> _Exercise description_: Pictures are to be left out; otherwise, copy exactly the lines from the line containing "The match is" through the end of the data.

> _Dataset entries_:

^^^^^^^^

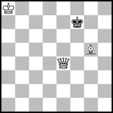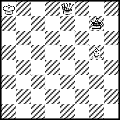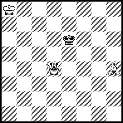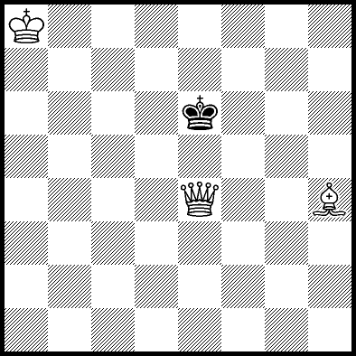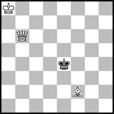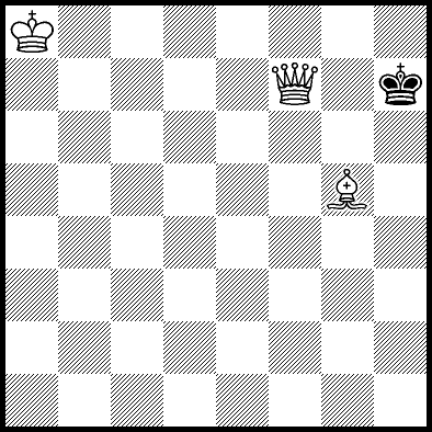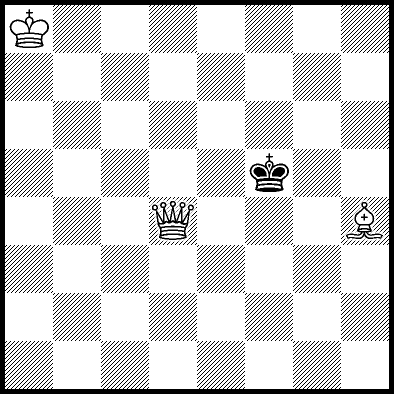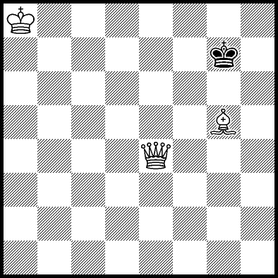 | Mate in 5 with Qe4+. Worse are Kb7, Qc5, Qf4 and Qg4+ with mate in 6, Bd8, Be1, Bf2, Bf6, Bg3, Bg5, Ka7, Kb8, Qa4, Qb2, Qb4, Qc3, Qc4+, Qd1, Qd2, Qd3, Qd8, Qe3+, Qf2, Qf6+, Qg1 and Qg7 with mate in 7, Be7, Qa1, Qa7, Qb6+ and Qh8 with mate in 8, and Qd5+, Qd6+, Qd7+ and Qe5+ which throw away the win. |
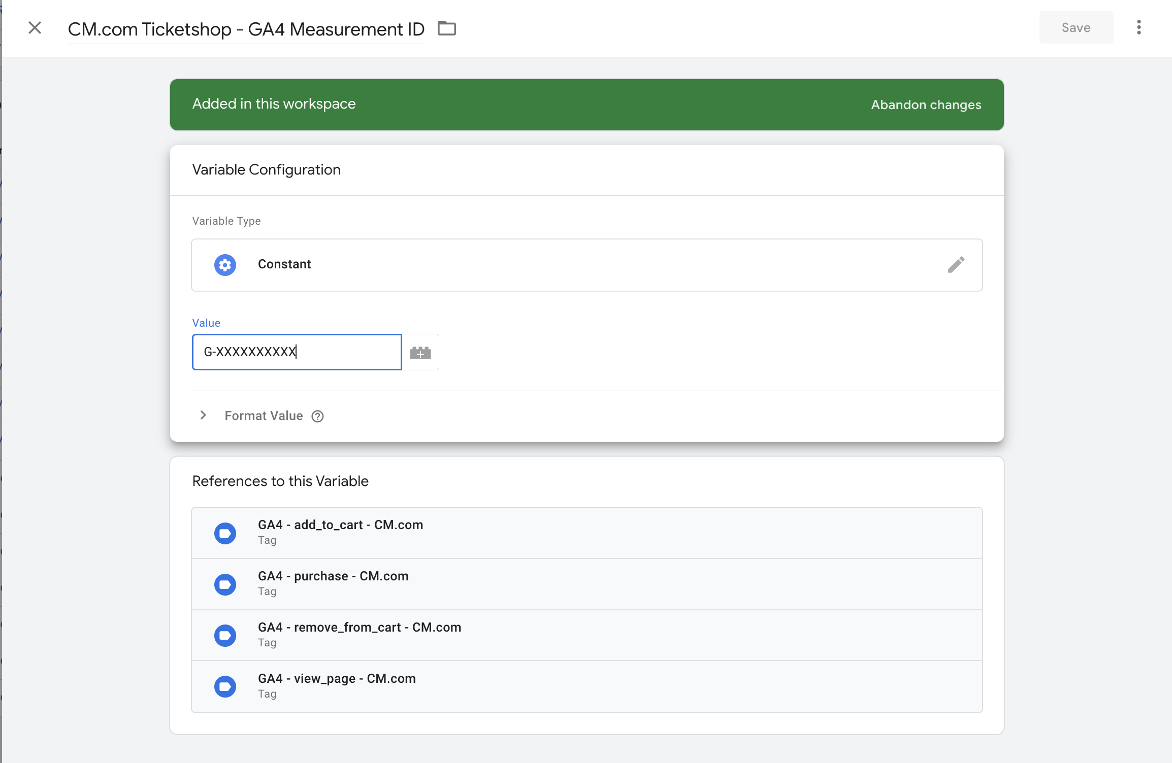 Select the the constant of the tracking platform you want to use. Upon opening a constant, replace the tracking ID (xxxxx) into your own tracking ID, to enable tracking for this platform.
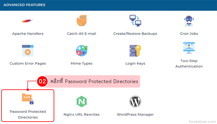 คลิกที่ Password Protected Directories ในหมวด ADVANCED FEATURES
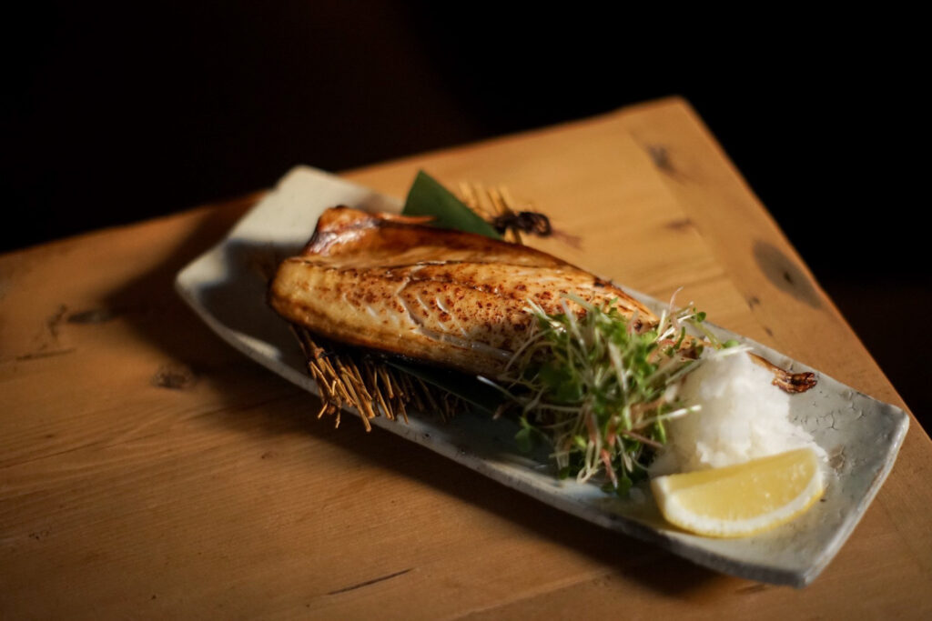 一夜干しにした魚介を遠火でじっくり焼き上げ、外は香ばしく中はふっくらとした食感に仕上げた一品。素材の旨みを引き出します。
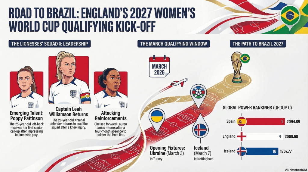 The match is part of the UEFA qualifiers for the 2027 FIFA Women’s World Cup. England must finish in the top two of their group to qualify automatically.
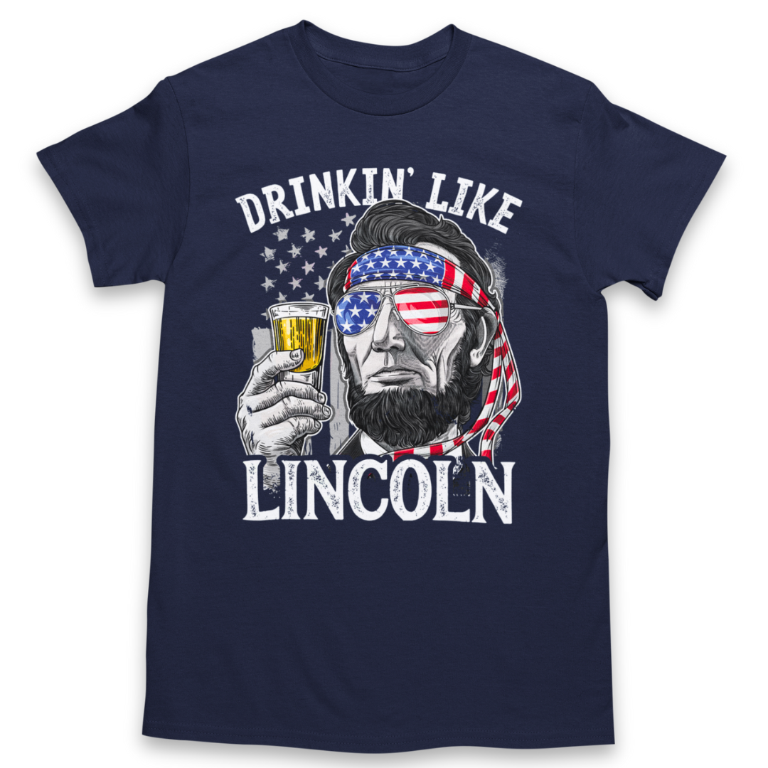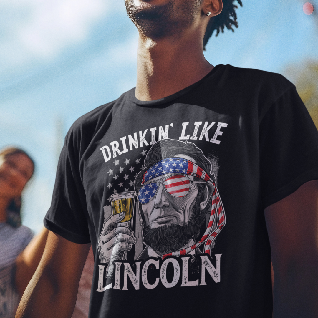 - Patriotically Fun Design: "Drinkin' Like Lincoln" combines the best of American history with a love for good times – because even Honest Abe would appreciate a good laugh.
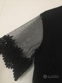 Blusa elegante Twin Set in tulle e pizzo macramé. Apertura completa con automatici interni. Nuova con cartellino
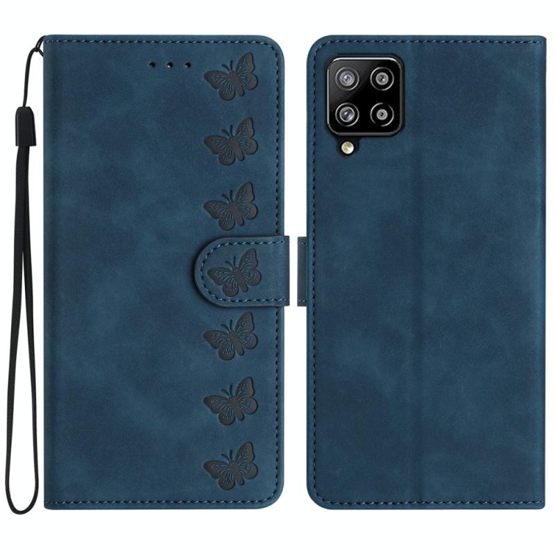 Θήκη τηλεφώνου δερμάτινη ανάγλυφη Seven Butterflies για Samsung Galaxy A42 5G (Μπλε)

^^^^^^^^

> _Reply_:
 The match is part of the UEFA qualifiers for the 2027 FIFA Women’s World Cup. England must finish in the top two of their group to qualify automatically.
 - Patriotically Fun Design: "Drinkin' Like Lincoln" combines the best of American history with a love for good times – because even Honest Abe would appreciate a good laugh.
 Blusa elegante Twin Set in tulle e pizzo macramé. Apertura completa con automatici interni. Nuova con cartellino
 Θήκη τηλεφώνου δερμάτινη ανάγλυφη Seven Butterflies για Samsung Galaxy A42 5G (Μπλε)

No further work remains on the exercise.